A decisão alcança Mato Grosso do Sul e outros 11 estados brasileiros, em uma ação inédita autorizada pela Aneel (Agência Nacional de Energia Elétrica) por meio do Plano Emergencial de Gestão de Excedentes de Energia na Rede de Distribuição, aprovado em novembro de 2025.

Segundo o ONS, a combinação entre baixa demanda típica dos finais de semana e alta geração de energia solar pode provocar desequilíbrios operacionais na rede elétrica. O receio é que a produção supere o consumo e acabe gerando instabilidades capazes de provocar desligamentos automáticos em partes do sistema.

As distribuidoras participantes, entre elas a Energisa MS, serão responsáveis por selecionar quais empreendimentos terão a geração reduzida temporariamente. O plano prevê um sistema de rodízio para evitar que os mesmos produtores sejam prejudicados repetidamente.

Brasil produz energia demais, mas consumidor continua pagando caro

A medida, porém, levanta uma série de questionamentos que vão além da questão técnica.

Se o país enfrenta um cenário de excesso de energia elétrica, por que a solução é interromper a geração em vez de beneficiar a população com tarifas menores? Por que a energia excedente não pode ser direcionada para reduzir custos ao consumidor ou estimular setores produtivos?

Especialistas apontam que o problema está na estrutura do sistema elétrico brasileiro. A energia produzida precisa ser consumida praticamente no mesmo instante em que é gerada. Quando a produção supera a demanda, a rede pode sofrer sobrecargas e instabilidades.

Além disso, a infraestrutura de armazenamento em larga escala, como baterias e sistemas de acumulação energética, ainda é limitada no Brasil. Sem capacidade suficiente para guardar a energia excedente, o operador precisa reduzir a produção para manter o equilíbrio da rede.

Falta de investimento em armazenamento?

Outro ponto que desperta debate é a velocidade da expansão da energia solar em comparação aos investimentos na modernização da rede elétrica.

Nos últimos anos, o Brasil registrou um crescimento acelerado da geração fotovoltaica, impulsionado por usinas de pequeno e médio porte e pela geração distribuída. No entanto, especialistas do setor alertam que os investimentos em sistemas de armazenamento, linhas de transmissão e tecnologias de gerenciamento inteligente não acompanharam o mesmo ritmo.

Na prática, o país vive uma situação aparentemente contraditória: há momentos em que sobra energia limpa e renovável, mas a estrutura disponível não consegue aproveitar integralmente esse excedente.

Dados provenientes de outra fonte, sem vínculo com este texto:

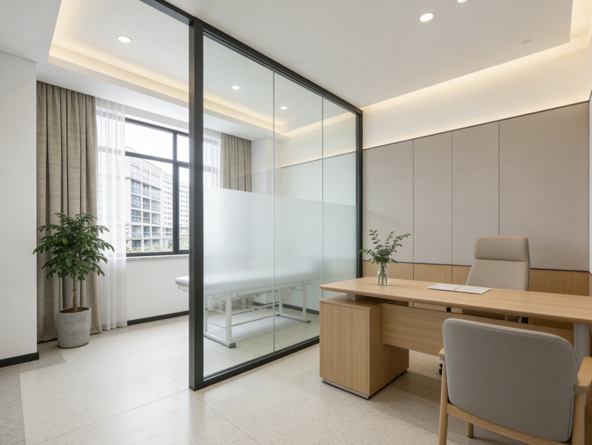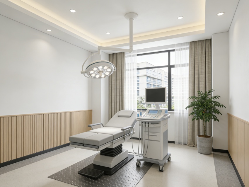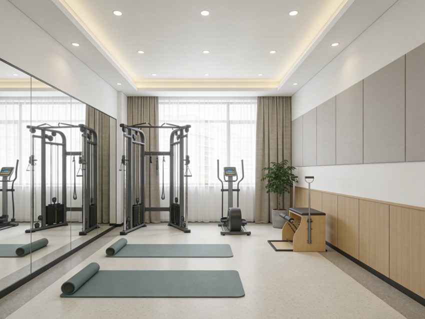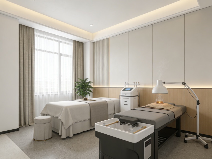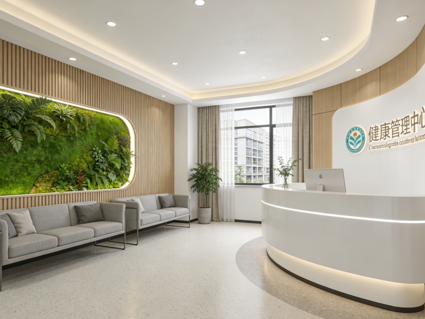 整體以淺米白、淡綠為基調(diào),搭配原木色與淺灰色,材質(zhì)選用環(huán)??咕尼t(yī)用級板材、防滑耐磨地磚及柔軟布藝,兼顧實(shí)用性與健康需求。墻面留白為主,局部點(diǎn)綴健康理念標(biāo)語或簡約裝飾畫,燈光采用暖調(diào)漫射設(shè)計(jì),避免強(qiáng)光刺激。各空間通過簡潔廊道與通透隔斷自然銜接,動(dòng)線貼合健康服務(wù)流程,既保障服務(wù)效率,又通過細(xì)節(jié)設(shè)計(jì)傳遞治愈感,實(shí)現(xiàn)專業(yè)功能與舒適體驗(yàn)的深度融合。

Energia sobrando e conta alta

A situação também reacende o debate sobre o custo da energia para o consumidor brasileiro.

Embora exista excesso de geração em determinados períodos do dia, a tarifa de energia é composta por diversos fatores, incluindo transmissão, distribuição, encargos setoriais, tributos e contratos de compra de energia firmados anteriormente. Por isso, a simples existência de energia excedente não resulta automaticamente em redução da conta de luz.

Ainda assim, especialistas defendem que o cenário deveria acelerar discussões sobre novas políticas públicas, incluindo incentivos ao armazenamento de energia, expansão da infraestrutura elétrica e mecanismos que permitam ao consumidor se beneficiar de momentos de grande oferta energética.

Enquanto isso, o Brasil entra para uma nova fase de sua matriz elétrica: pela primeira vez, o desafio não é a falta de energia, mas o que fazer quando ela sobra.